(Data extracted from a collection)
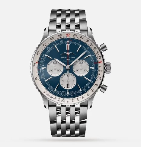This model features the unique Navitimer look with special details like the AOPA logo, chronograph counter finishings, and an integrated date window. The case has been redesigned to be thinner, with polished-brushed finishings, bidirectional slide rule, and open sapphire crystal. This watch’s strap is polished-brushed stainless steel 7-row bracelet. The Breitling Navitimer is the original icon for pilots.
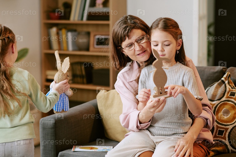 Женщина среднего возраста помогает молодой девушке собирать игрушку
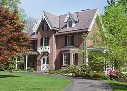 It has seen almost no alterations since. The growth of Balmville in the later 19th century led to the carriage house being split off onto its own lot and separately developed as a residence in 1903. In the 1950s, the corbelling on the chimneys was removed and the garage wing added. At the time of its listing on the Register, the front balcony was described as having also been removed around the same time, but it has been restored since then.[1]
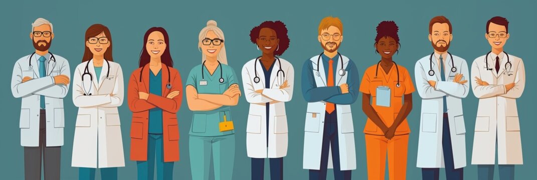 A comprehensive illustration of medical staff collaborating to provide diverse patient care
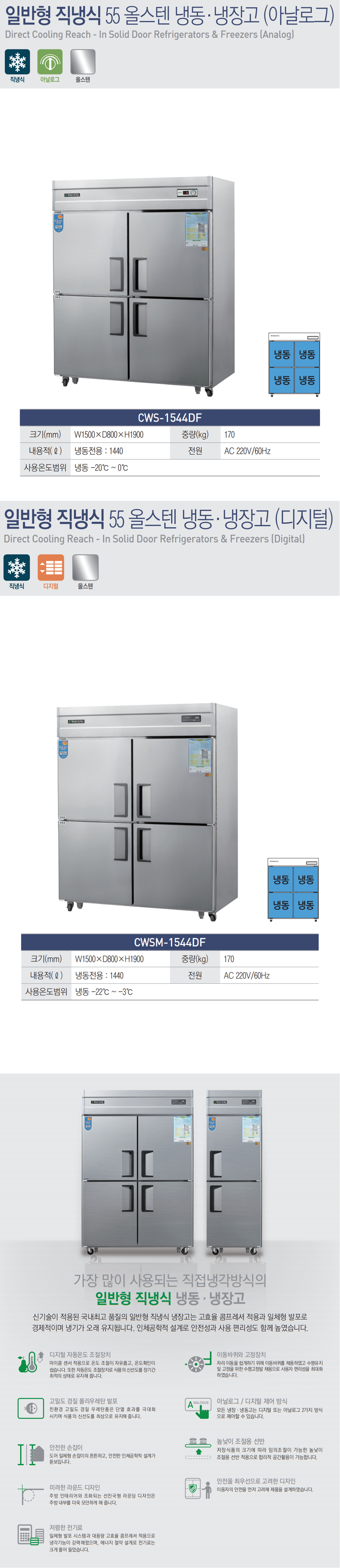[우성]55박스 업소용 냉장고 직냉식 올냉동 CWS-1544DF/CWSM-1544DF 올스텐
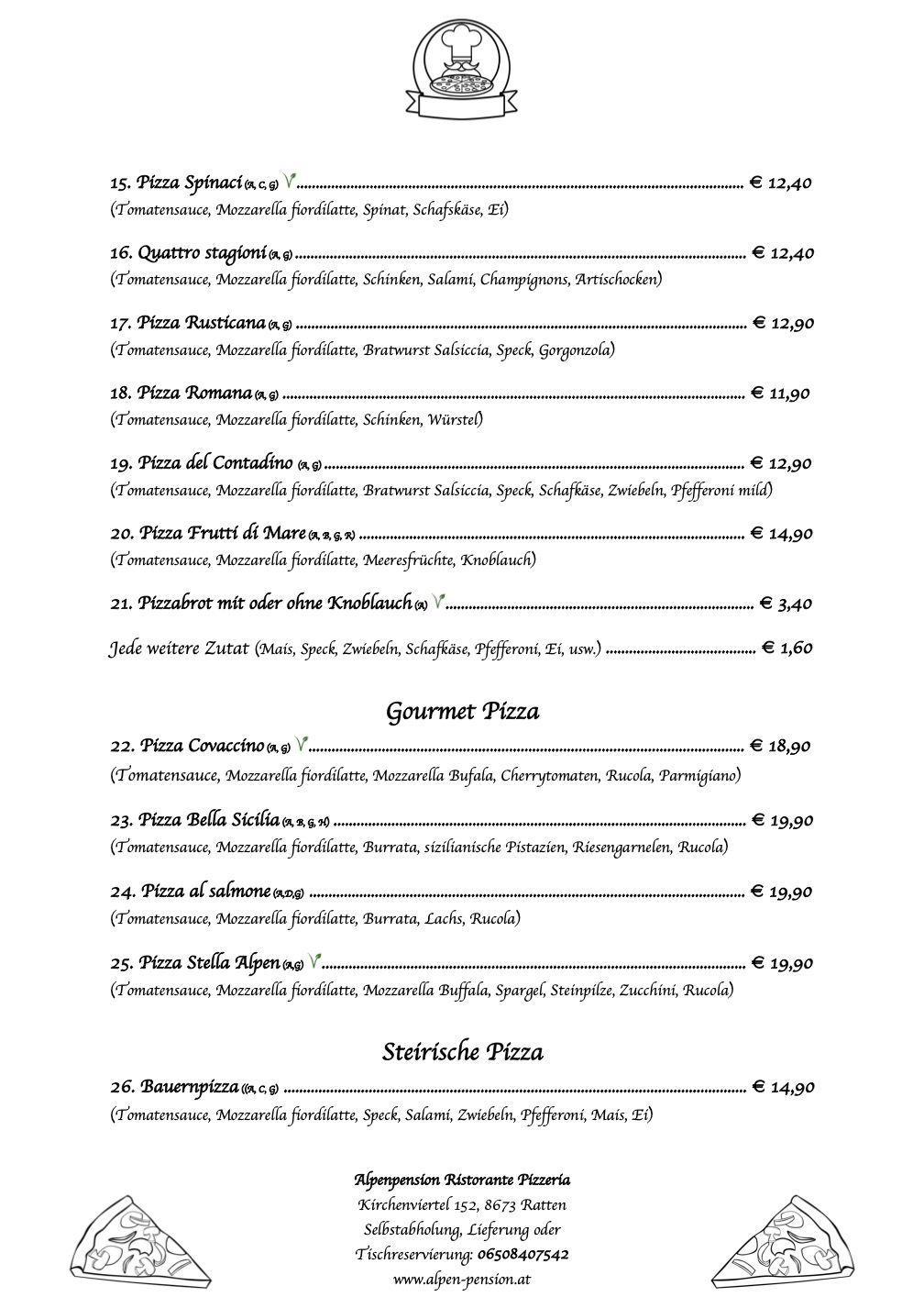 Öffnungszeiten: Mo: GESCHLOSSEN, Di-Fr: 17:00-21:00, Sa, So: 11:00-21:00, (gilt nicht für die Gäste mit HP bzw. VP)

[TASK GOAL]
Transcribe exactly, and only, the lines from the line with "It has seen" through the last line of the records, inclusive; the pictures do not belong in the copy.

[WRITTEN RESPONSE]
 It has seen almost no alterations since. The growth of Balmville in the later 19th century led to the carriage house being split off onto its own lot and separately developed as a residence in 1903. In the 1950s, the corbelling on the chimneys was removed and the garage wing added. At the time of its listing on the Register, the front balcony was described as having also been removed around the same time, but it has been restored since then.[1]
 A comprehensive illustration of medical staff collaborating to provide diverse patient care
[우성]55박스 업소용 냉장고 직냉식 올냉동 CWS-1544DF/CWSM-1544DF 올스텐
 Öffnungszeiten: Mo: GESCHLOSSEN, Di-Fr: 17:00-21:00, Sa, So: 11:00-21:00, (gilt nicht für die Gäste mit HP bzw. VP)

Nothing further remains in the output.